Sander Warmerdam
Editor-in-chief Leeuwarder Courant
Leeuwarder Courant has been the newspaper of and for all of Friesland since 1752, with ever-reliable and independent news. It’s the heartbeat of Friesland with a finger on the pulse of current events. Named after its capital but the newspaper of the entire province, the oldest in the country.
www.lc.nl
Founded
1752
Daily readership print
172.500
Daily readership online
86.000
Number of subscribers
(print + digital) 66.245
Podcast
Radio Koko
Journalists employed
58
Editors Asing Walthaus and Kirsten van Santen explain how the Samen Thuis section kept readers connected with each other during corona. Children’s drawings, games – and how does long division work again?
In March, prime minister Mark Rutte announced lockdown (later: the first lockdown) and we thought: we need to do something as a paper. Everyone was at home, lonely and alone, but we were all, as readers, together at home. That became the name of our back-page section, to connect readers, let them communicate with each other and keep them occupied.
From this idea, the Samen Thuis page was launched in the spring of 2020. Every day we published readers’ letters, drawings and cartoons, in which they expressed their feelings about the strange turn their lives had taken. No hard news, but an impression, an image.
We worked with an art institution that delivered great pages for children two or three times a week, and we asked our readers to contribute. We published poets’ cries from the heart, the diary of a writer in a care home, and messages from a visual artist who was stuck in Italy. We made a photo strip of the life of a ferry boat captain, a lifeguard, a pastor and a politician Zooming at home.

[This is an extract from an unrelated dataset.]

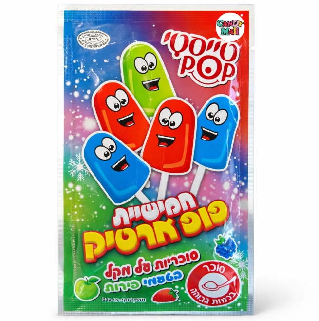 סוכריות על מקל בצורת ארטיקים צבעוניים בטעמי פירות מתוקים. ממתק מהנה ומשעשע בעיצוב אהוב על ילדים, מושלם למסיבות, לימי הולדת, הפתעות או כפינוק קטן וצבעוני. אריזה אישית ונוחה במשקל 15 גרם.
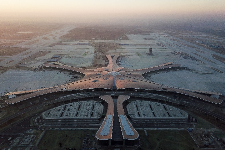 Located 46 km south of downtown Beijing, the new airport is aimed at taking pressure off the overcrowded Beijing Capital International Airport in the northeastern suburbs. It sits at the junction of Beijing's Daxing District and Langfang, a city of neighboring Hebei Province. It is expected to handle 45 million passengers annually by 2021 and 72 million by 2025.

And the rest was made up of the stories of normal people. Children’s drawings for Grandma and Grandad. Jokes, games and the occasional crazy quiz.
This craziness was expanded in the autumn of 2020, in the successor to Samen Thuis, which we called Golf 2.0. In the second lockdown, we focused less on readers’ personal stories and more on humour and interactive games. We gave tips for uninitiated homeschoolers (what is the personal pronoun again, and how do you do long division?) and gave people cartoons to fill in. We wrote about corona puppies and Happy Stones, and made the Coronapoly game.
We looked for and invented stories and perspectives on the news to cheer people up, with the message: we may be at home, but we’re not alone. And there is always something to smile about.
A project that we thought would last just a few weeks has been going on for months. Great fun – but we hope it will come to an end in 2021.